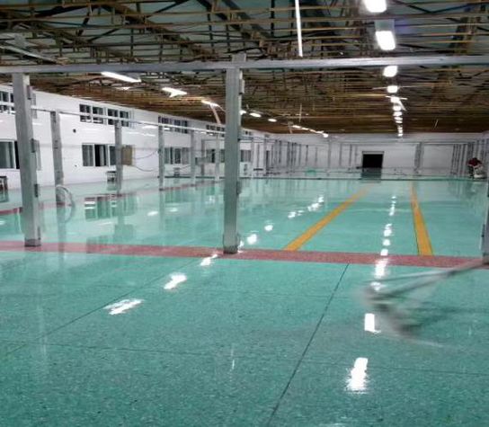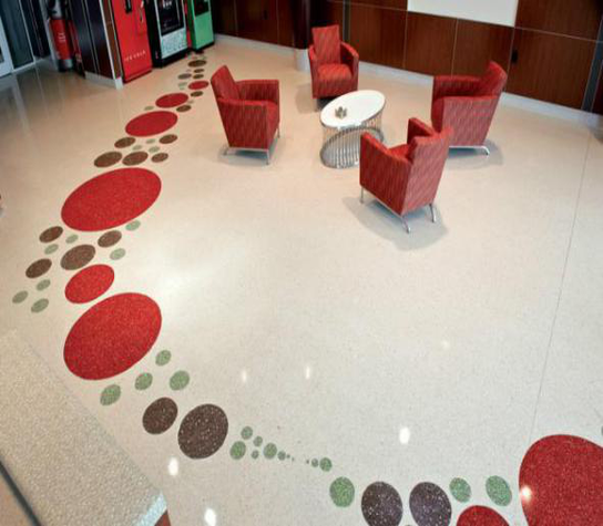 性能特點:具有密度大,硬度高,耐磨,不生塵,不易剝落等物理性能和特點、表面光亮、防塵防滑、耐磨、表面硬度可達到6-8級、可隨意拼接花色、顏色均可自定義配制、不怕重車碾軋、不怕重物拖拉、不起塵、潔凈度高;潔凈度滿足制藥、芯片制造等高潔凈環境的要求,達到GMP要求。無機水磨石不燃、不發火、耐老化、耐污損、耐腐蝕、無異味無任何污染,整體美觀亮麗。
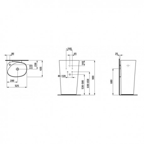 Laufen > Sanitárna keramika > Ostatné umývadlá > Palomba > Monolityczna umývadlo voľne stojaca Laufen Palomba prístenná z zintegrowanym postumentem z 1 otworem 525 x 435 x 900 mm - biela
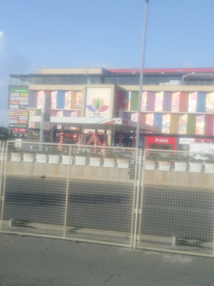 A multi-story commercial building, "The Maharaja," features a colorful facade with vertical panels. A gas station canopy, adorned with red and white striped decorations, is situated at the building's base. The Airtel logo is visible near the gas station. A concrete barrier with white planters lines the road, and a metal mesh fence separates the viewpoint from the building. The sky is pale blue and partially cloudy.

● ● ● ● ●

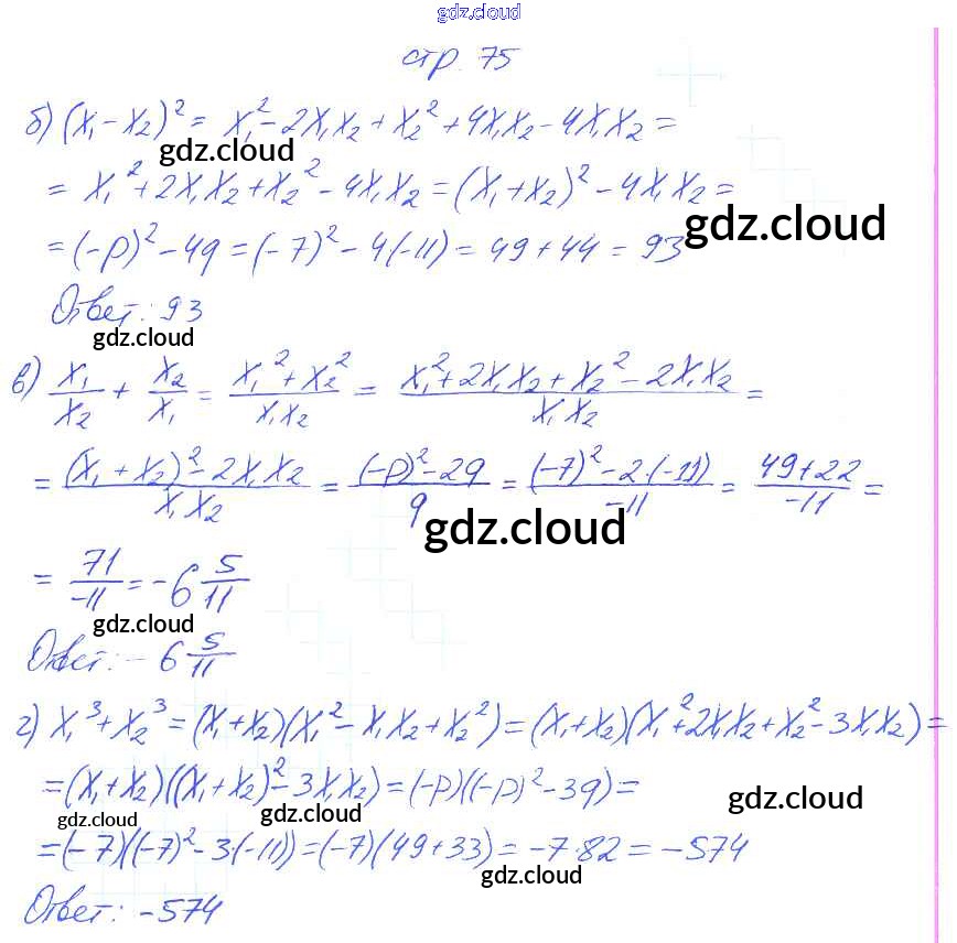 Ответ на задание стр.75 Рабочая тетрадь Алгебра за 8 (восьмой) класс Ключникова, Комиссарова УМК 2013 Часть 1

● ● ● ● ●

### PROBLEM
From the records above, output only the lines starting at the one containing "性能特點:具有密度大,硬度高" and ending at the one containing "Laufen > Sanitárna", word for word. Pictures stay out.

### YOUR SOLUTION
 性能特點:具有密度大,硬度高,耐磨,不生塵,不易剝落等物理性能和特點、表面光亮、防塵防滑、耐磨、表面硬度可達到6-8級、可隨意拼接花色、顏色均可自定義配制、不怕重車碾軋、不怕重物拖拉、不起塵、潔凈度高;潔凈度滿足制藥、芯片制造等高潔凈環境的要求,達到GMP要求。無機水磨石不燃、不發火、耐老化、耐污損、耐腐蝕、無異味無任何污染,整體美觀亮麗。
 Laufen > Sanitárna keramika > Ostatné umývadlá > Palomba > Monolityczna umývadlo voľne stojaca Laufen Palomba prístenná z zintegrowanym postumentem z 1 otworem 525 x 435 x 900 mm - biela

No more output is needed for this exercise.